What this task involves. The answer should hold only the lines from the one containing "Cette tente de" through the one containing "Crew reconfigurable tables" in the entries below, copied exactly, without pictures.

Data provided.
● ● ●
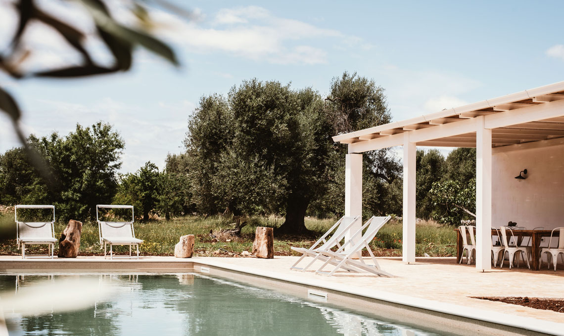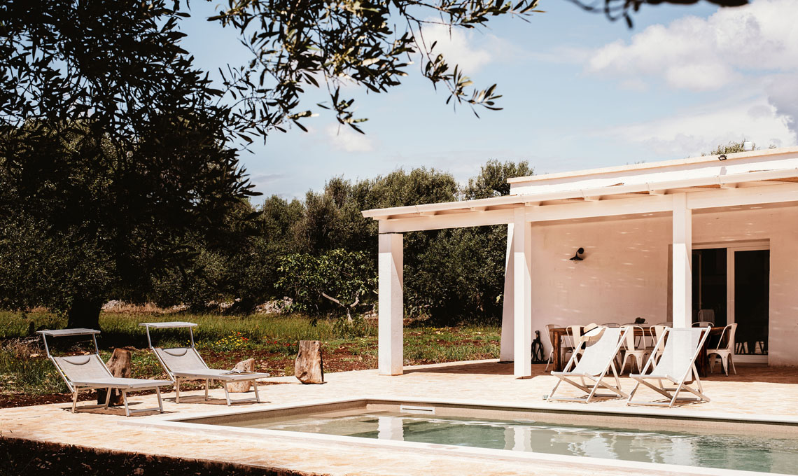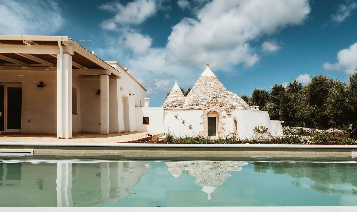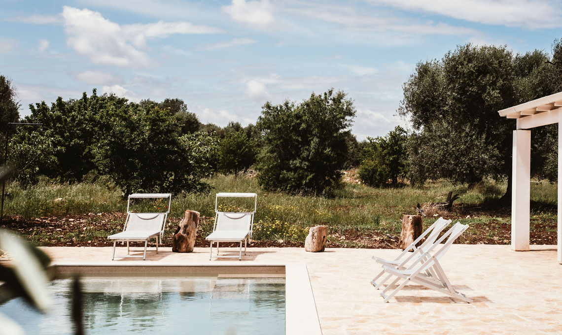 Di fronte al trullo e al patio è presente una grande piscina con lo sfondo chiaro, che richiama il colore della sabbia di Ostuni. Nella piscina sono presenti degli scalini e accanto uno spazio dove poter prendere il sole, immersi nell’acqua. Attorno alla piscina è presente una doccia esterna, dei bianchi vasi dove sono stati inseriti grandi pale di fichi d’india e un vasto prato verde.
● ● ●
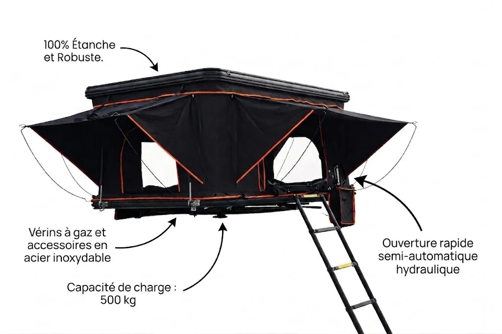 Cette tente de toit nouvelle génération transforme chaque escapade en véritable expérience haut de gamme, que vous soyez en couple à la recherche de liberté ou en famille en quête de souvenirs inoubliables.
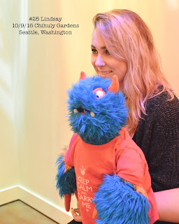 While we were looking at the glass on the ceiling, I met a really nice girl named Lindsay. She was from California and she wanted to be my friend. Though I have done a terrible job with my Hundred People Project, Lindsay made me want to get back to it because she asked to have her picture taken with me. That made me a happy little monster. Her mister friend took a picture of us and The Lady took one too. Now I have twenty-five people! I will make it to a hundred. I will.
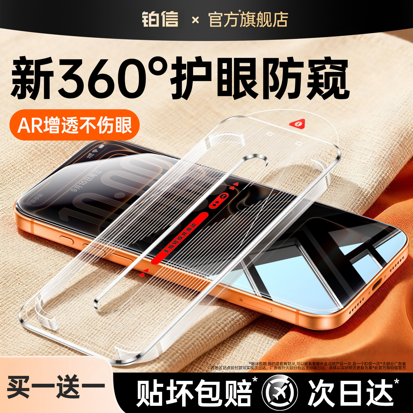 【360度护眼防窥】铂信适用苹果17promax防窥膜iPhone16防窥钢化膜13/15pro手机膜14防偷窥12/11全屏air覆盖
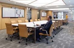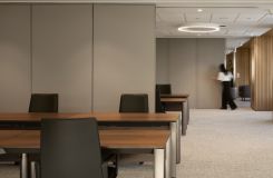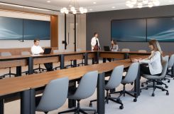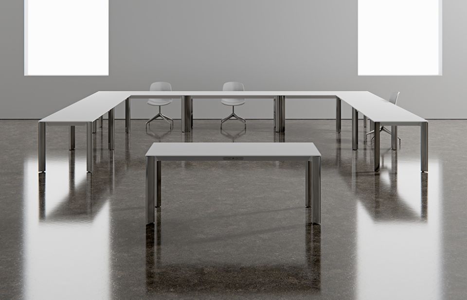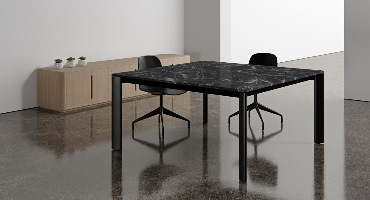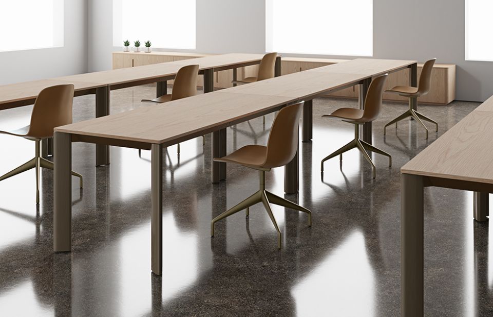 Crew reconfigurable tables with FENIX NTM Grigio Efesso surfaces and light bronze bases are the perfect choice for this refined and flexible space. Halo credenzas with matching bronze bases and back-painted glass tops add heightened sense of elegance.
● ● ●
Answer to this exercise.
 Cette tente de toit nouvelle génération transforme chaque escapade en véritable expérience haut de gamme, que vous soyez en couple à la recherche de liberté ou en famille en quête de souvenirs inoubliables.
 While we were looking at the glass on the ceiling, I met a really nice girl named Lindsay. She was from California and she wanted to be my friend. Though I have done a terrible job with my Hundred People Project, Lindsay made me want to get back to it because she asked to have her picture taken with me. That made me a happy little monster. Her mister friend took a picture of us and The Lady took one too. Now I have twenty-five people! I will make it to a hundred. I will.
 【360度护眼防窥】铂信适用苹果17promax防窥膜iPhone16防窥钢化膜13/15pro手机膜14防偷窥12/11全屏air覆盖
 Crew reconfigurable tables with FENIX NTM Grigio Efesso surfaces and light bronze bases are the perfect choice for this refined and flexible space. Halo credenzas with matching bronze bases and back-painted glass tops add heightened sense of elegance.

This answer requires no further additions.